** Opening Records for processing block **

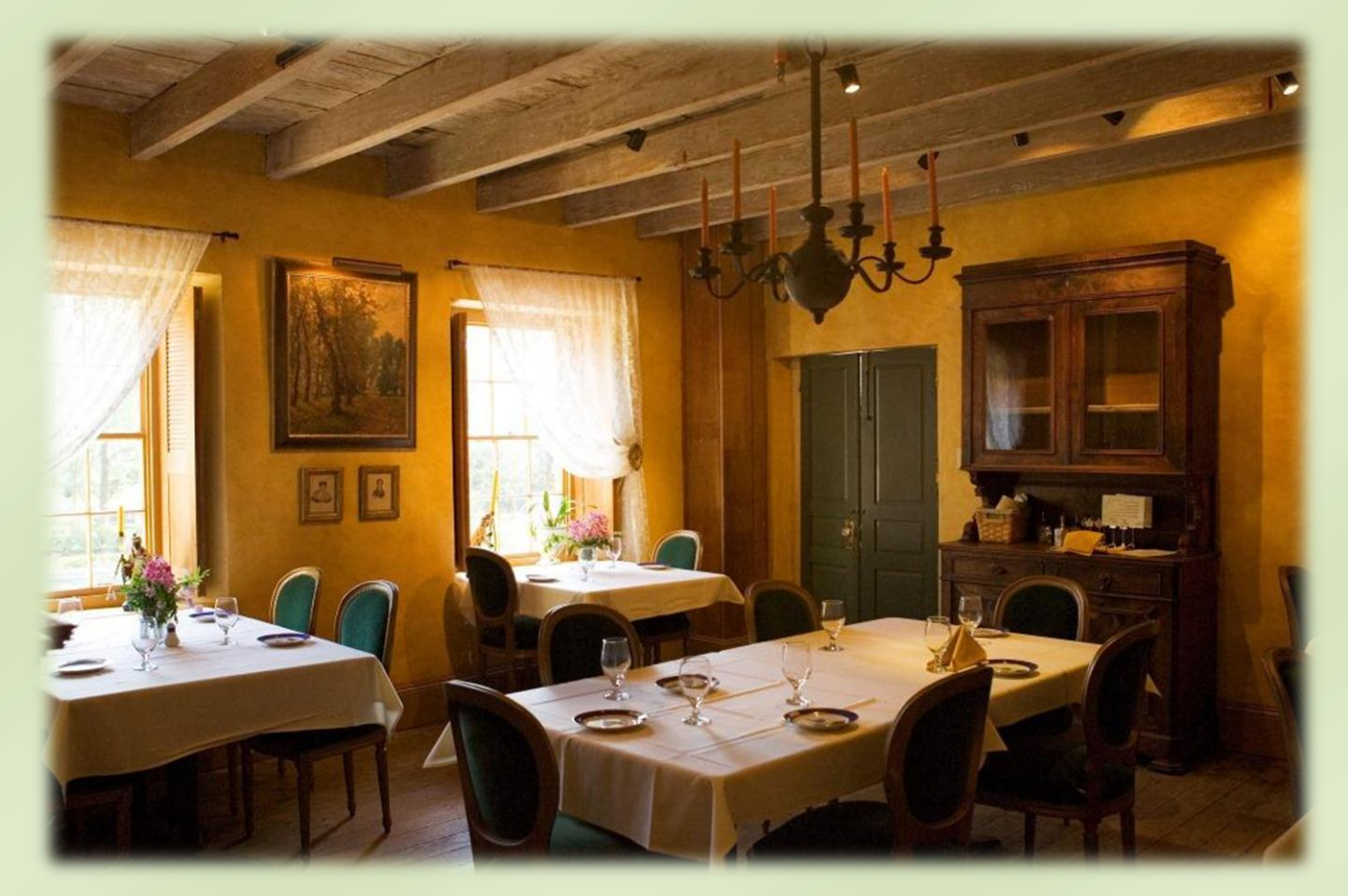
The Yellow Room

** Closing Records for processing block **
** Opening Records for processing block **

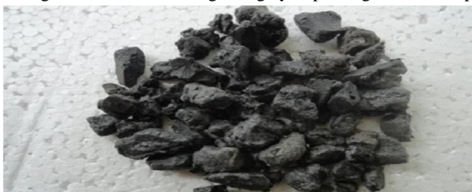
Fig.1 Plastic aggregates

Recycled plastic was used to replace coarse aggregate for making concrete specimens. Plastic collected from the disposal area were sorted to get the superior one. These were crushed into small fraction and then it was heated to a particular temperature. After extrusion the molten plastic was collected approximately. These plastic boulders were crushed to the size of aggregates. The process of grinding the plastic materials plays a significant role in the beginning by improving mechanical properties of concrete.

** Closing Records for processing block **
** Opening Records for processing block **

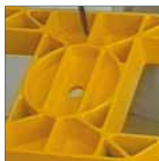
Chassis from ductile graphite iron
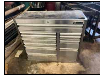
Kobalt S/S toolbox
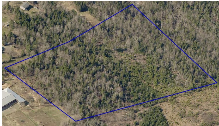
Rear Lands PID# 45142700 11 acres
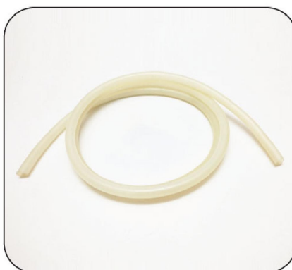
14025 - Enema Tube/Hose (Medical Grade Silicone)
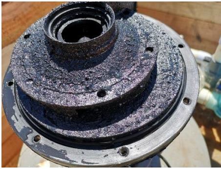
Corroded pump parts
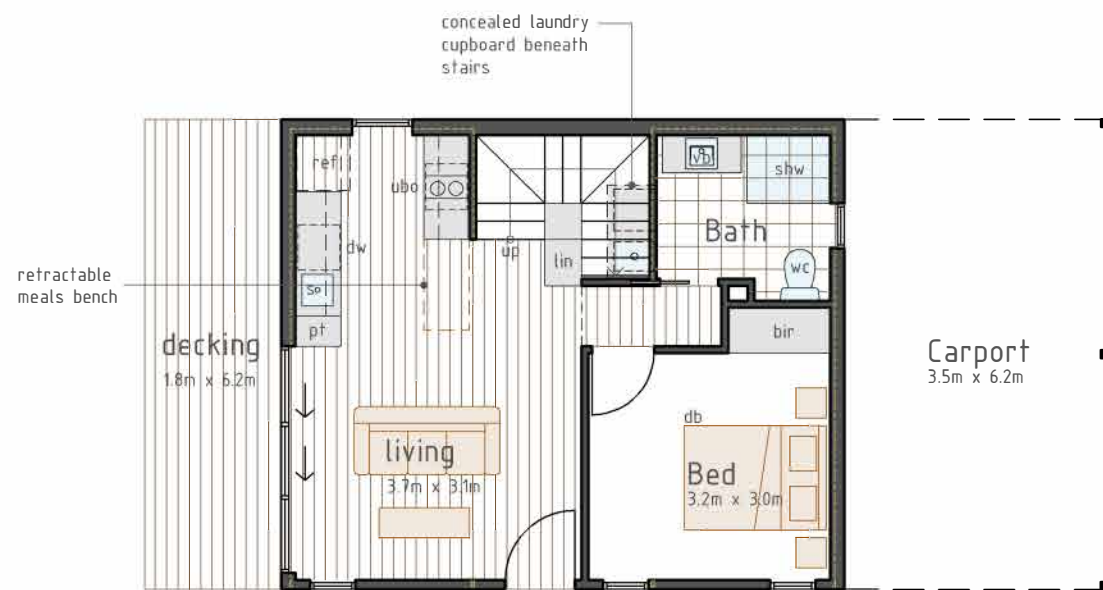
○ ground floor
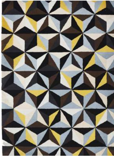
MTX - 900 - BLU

** Closing Records for processing block **

_Your assignment:_
Exactly as written above, retype the lines starting at the one holding "Rear Lands PID# 45142700 11 acres" and ending at the one holding "MTX - 900 - BLU", both included, but not the pictures.

_Solved problem:_
Rear Lands PID# 45142700 11 acres
14025 - Enema Tube/Hose (Medical Grade Silicone)
Corroded pump parts
○ ground floor
MTX - 900 - BLU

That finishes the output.